Help is appreciated.
 A: Let $X=Y=\Bbb{R}$ and $f$ be the identity. Equip $Y$ with the standard metric and $X$ with the bounded metric $d(x,y)=\min(|x-y|,1)$. Then $f$ is continuous, and $X$ is closed and bounded (as a subset of itself) but its image $Y$ is not bounded.
More examples: $X=(0,1)$, $Y=\Bbb{R}$, $f(x)=1/x$, $E=X$. Here the image is neither closed nor bounded.
$X=(0,1)$, $Y=\Bbb{R}$, $f(x)=x$, $E=X$. Here the image is bounded but not closed.
A: Actually you need a stronger condition on the metric space, namely total boundedness.

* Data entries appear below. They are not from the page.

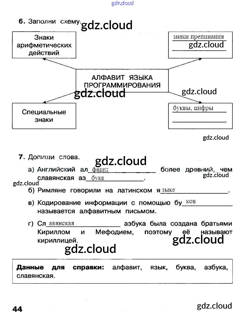 Ответ на задание стр. 44 Рабочая тетрадь Информатика за 2 (второй) класс Матвеева, Челак, Конопатова, Панкратова, Нурова УМК 2012 Часть 1, 2
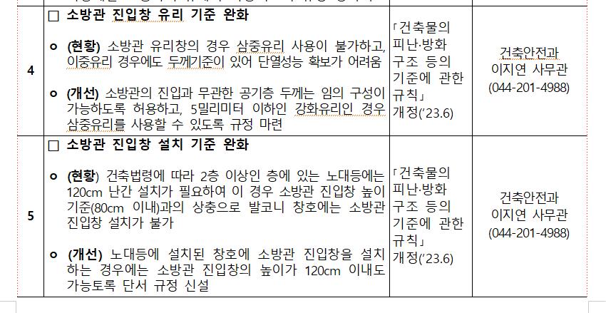 2. 소방관 진입창 설치기준 규제개선 건의사항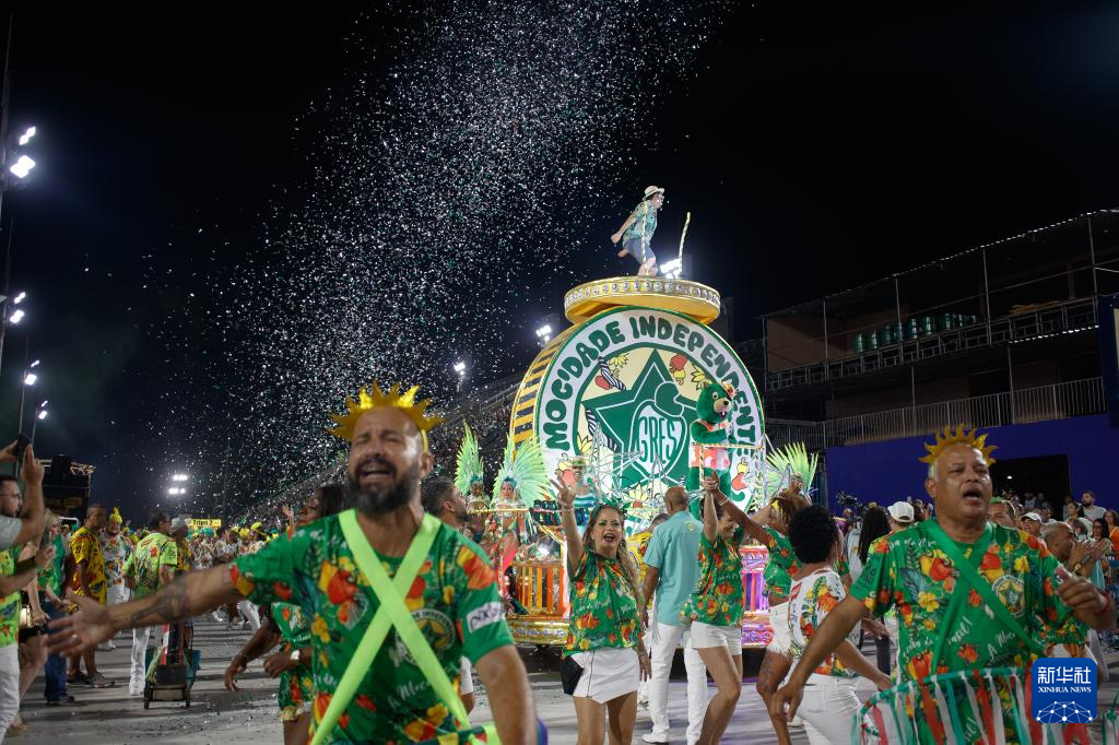 当地时间1月7日晚,巴西里约热内卢的桑巴舞校开始在桑巴大道进行狂欢节彩排。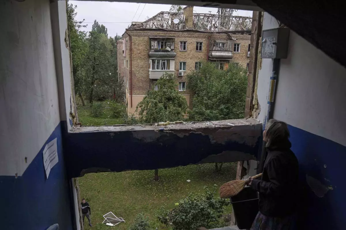 A local woman looks at a residential building heavily damaged by a Russian strike in Kyiv, Ukraine, on Thursday, July 31, 2025. (AP Photo/Evgeniy Maloletka)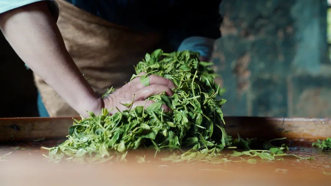 烟茶制作工艺古朴自然,炒青后揉制,老唐用手劲把叶汁一点点揉出来,偶尔也会选择用脚揉,更具力道,揉熟后茶汤经久耐泡。

This property says that for every $\epsilon>0$, there exists finitely many balls of radius $\epsilon$ such that their union covers the whole space. The proof is this:
Let $(M,d_1)$ total bounded metric space, and $f:M\rightarrow N$ a uniformly continuous function, and $E\subseteq M$ closed and bounded, choose a finite set of pairs $(x_i,\epsilon_i)$ with $x_i\in f(E)$ and $\epsilon_i>0$, in a way that the set of open sets $f^{-1}(B(x_i,\epsilon_i))$ cover $E$, it can be done for the condition of total boundedness and uniformly continuity. This says that $f(E)$ is bounded.
But as Chris Eagle showed, the set $f(E)$ need not be closed.